Retype word for word the stretch of entries below from the line that has "Spraw,aby Twoje naszyjniki" through the line that has "Для сортировки направлений, откройте", and omit the pictures.

══ Given data

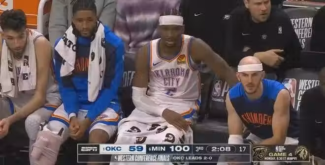 作為68勝的聯盟第1強隊,雷霆隊直接狂輸42分,雖然西決仍然領先,但是他們已經觸碰到了一個NBA里不可思議的神奇定律,後面想奪冠的可能性已經是微乎其微了。這場球雷霆早早的投降。第3節結束就換上全替補陣容,想要為下一場養精蓄銳保存體能,這個做法本來是沒有問題的。
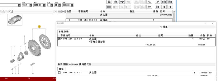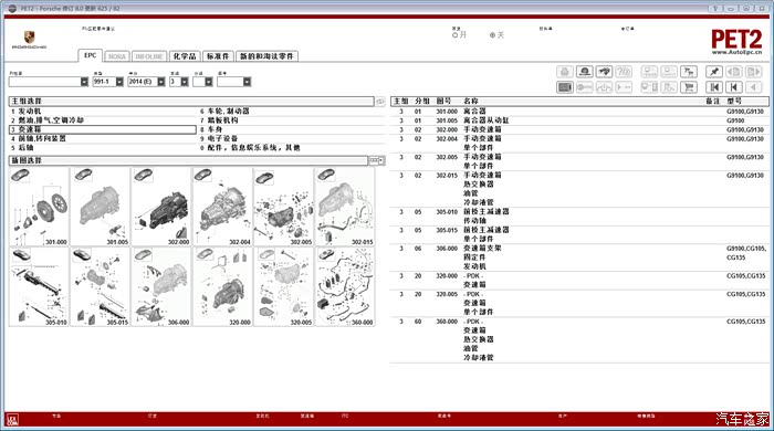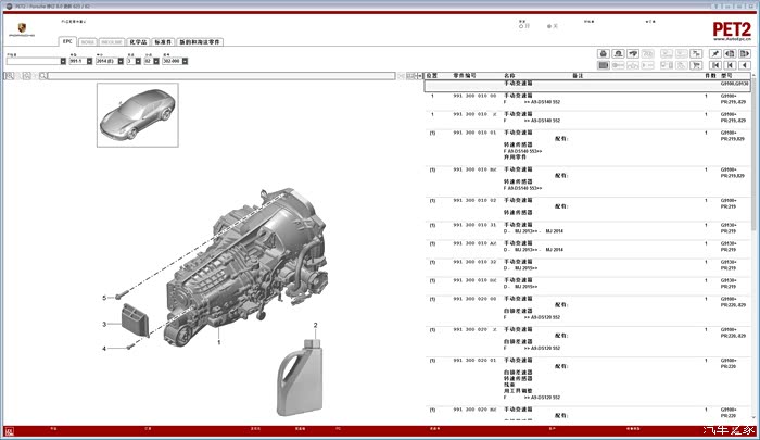 通过百度了解到有个神器叫PET,应该也是4s用的玩意,能直接查零件号和线上购买零件,搞了个破解版,不是最新的,但是对于991肯定是够了,毕竟很多年的老车了,这里要感谢AutoEpc,不单提供免费软件给大家,还热心帮我解决安装问题。一阵骚操作,运行成功。
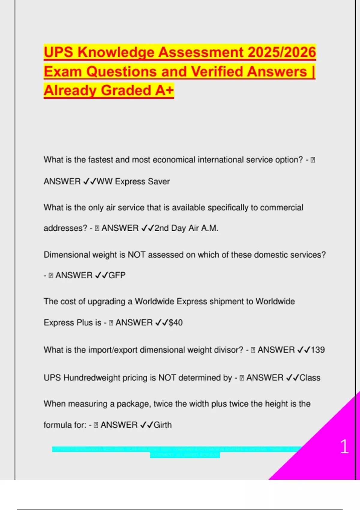 ANSWER ✔✔WW Express Saver
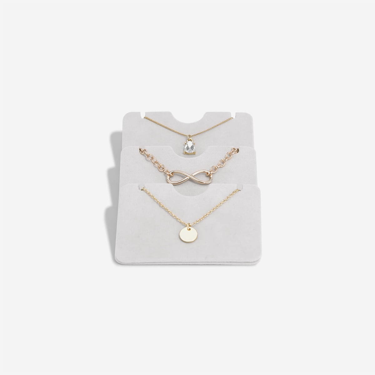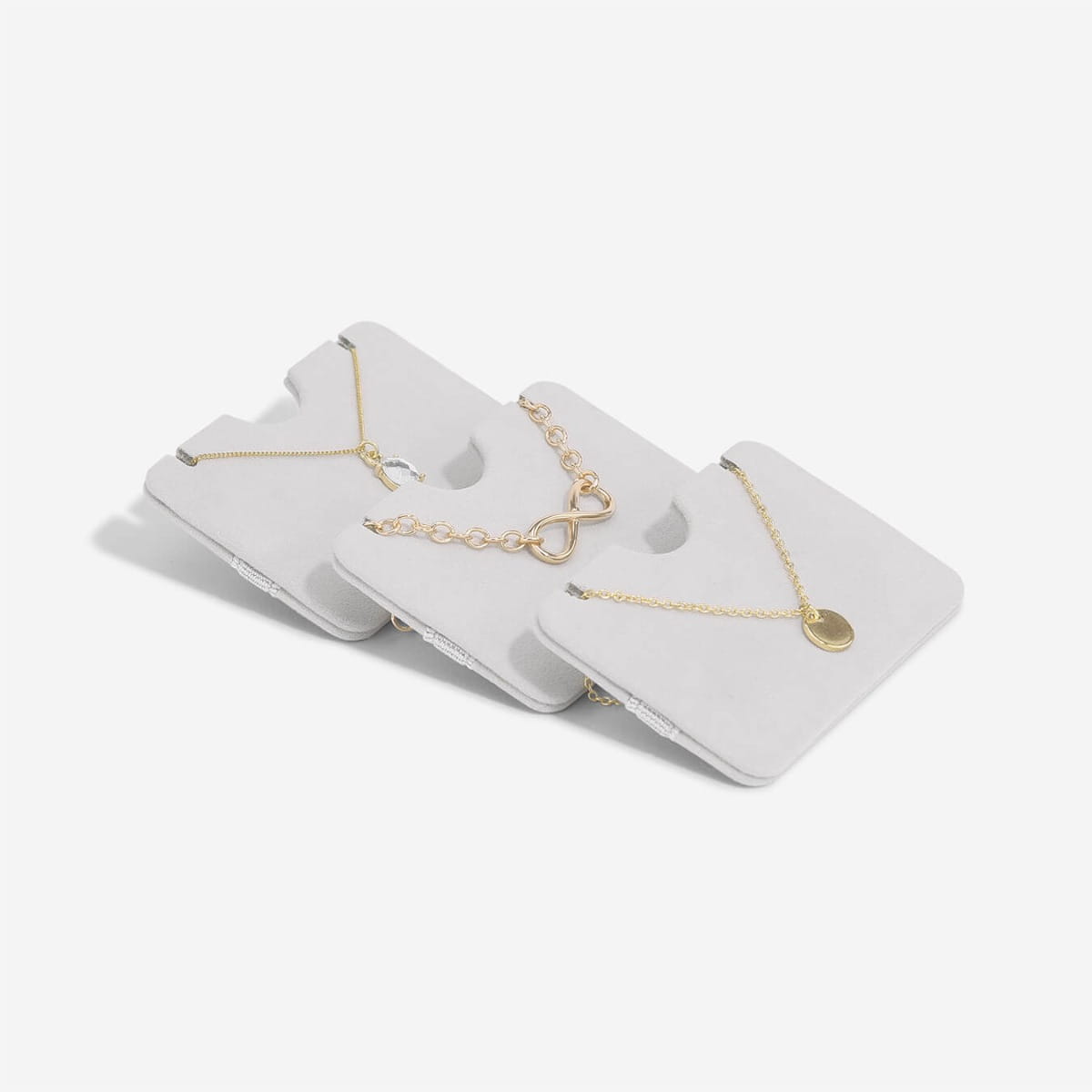 Spraw,aby Twoje naszyjniki dumnie prezentowały się na swoich miejscah dzięki stojakom na naszyjniki Stackers. Pięknie zaprojektowane, opierają się na okrągłej podstawce, z elastyczną gumką z tyłu zabezpieczającą przed plątaniem się. Zestaw zawiera 3 sztuki.
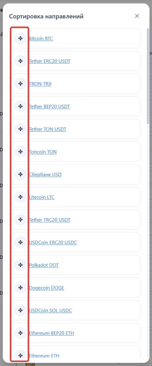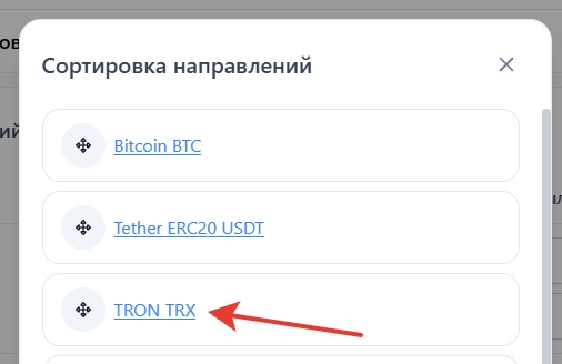 Для сортировки направлений, откройте раздел "Основное — Направление обмена — Список направлений
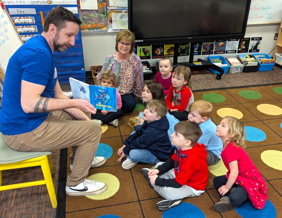 United Way of Chautauqua County Community Impact Manager Eric Rinaldo reads to school children in Fredonia in this picture from UWCHQ's 2025 Literacy Week. The week-long initiative is presented in partnership with CHQ Professionals Group and the Northern Chautauqua Community Foundation which also provides a grant to purchase the books which students get to take home.
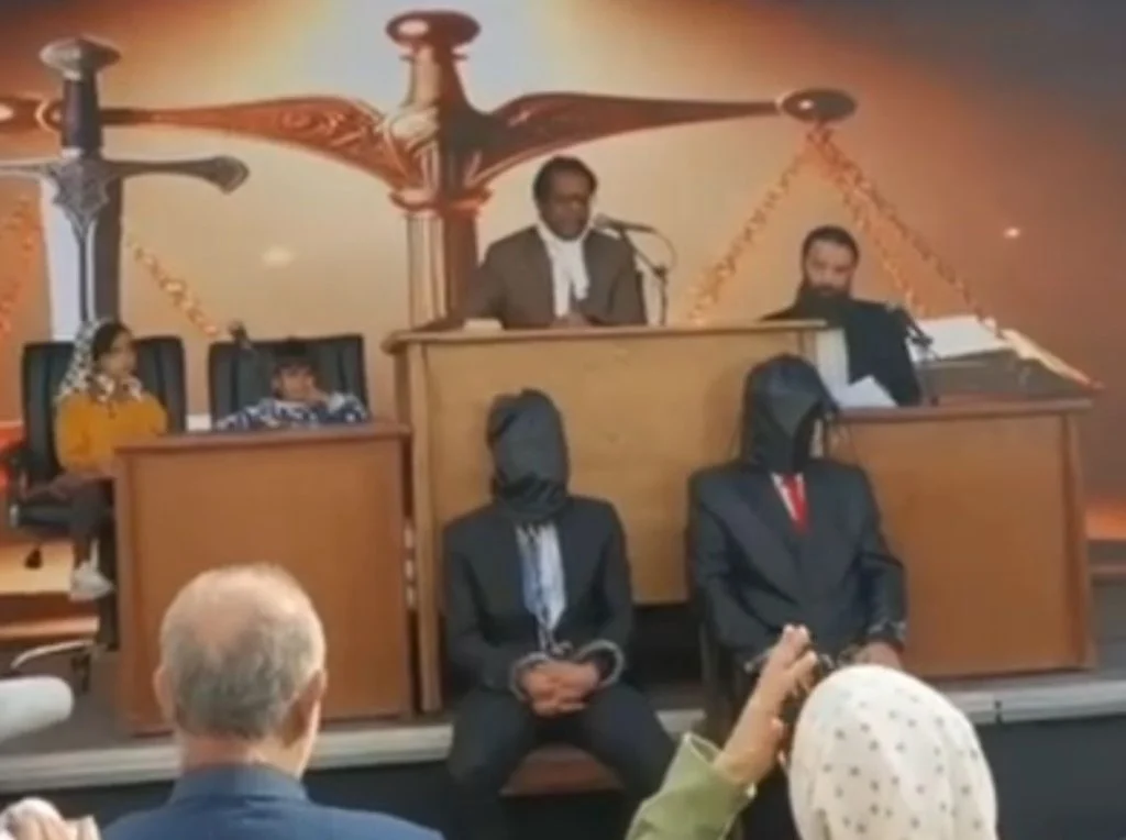 Шара барысында АҚШ-тың президенті Дональд Трамп пен Израиль премьер-министрі Биньямин Нетаньяхуды бейнелеген екі адам сахнада символикалық түрде “сотқа тартылып”, “айыпты” деп танылды.
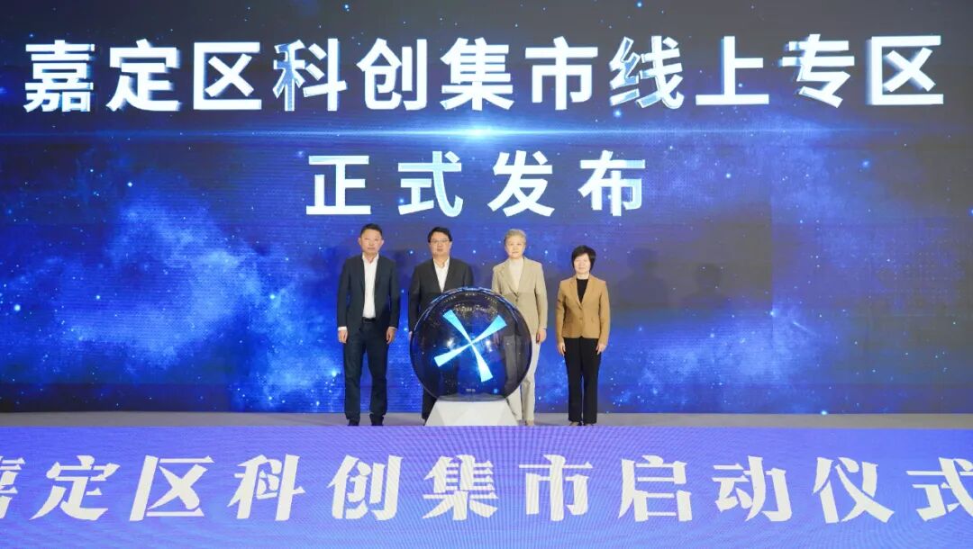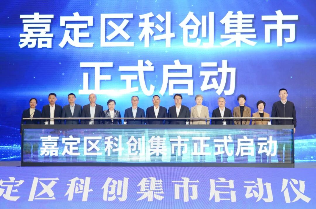 嘉定区委书记肖文高,上海银行党委副书记、行长施红敏,上海交易集团党委副书记、总裁管小军,嘉定区委副书记、区长高香,区人大常委会主任连正华,区政协主席杨莉等为科创集市启动推杆。

════

**Output of the exercise**
 Spraw,aby Twoje naszyjniki dumnie prezentowały się na swoich miejscah dzięki stojakom na naszyjniki Stackers. Pięknie zaprojektowane, opierają się na okrągłej podstawce, z elastyczną gumką z tyłu zabezpieczającą przed plątaniem się. Zestaw zawiera 3 sztuki.
 Для сортировки направлений, откройте раздел "Основное — Направление обмена — Список направлений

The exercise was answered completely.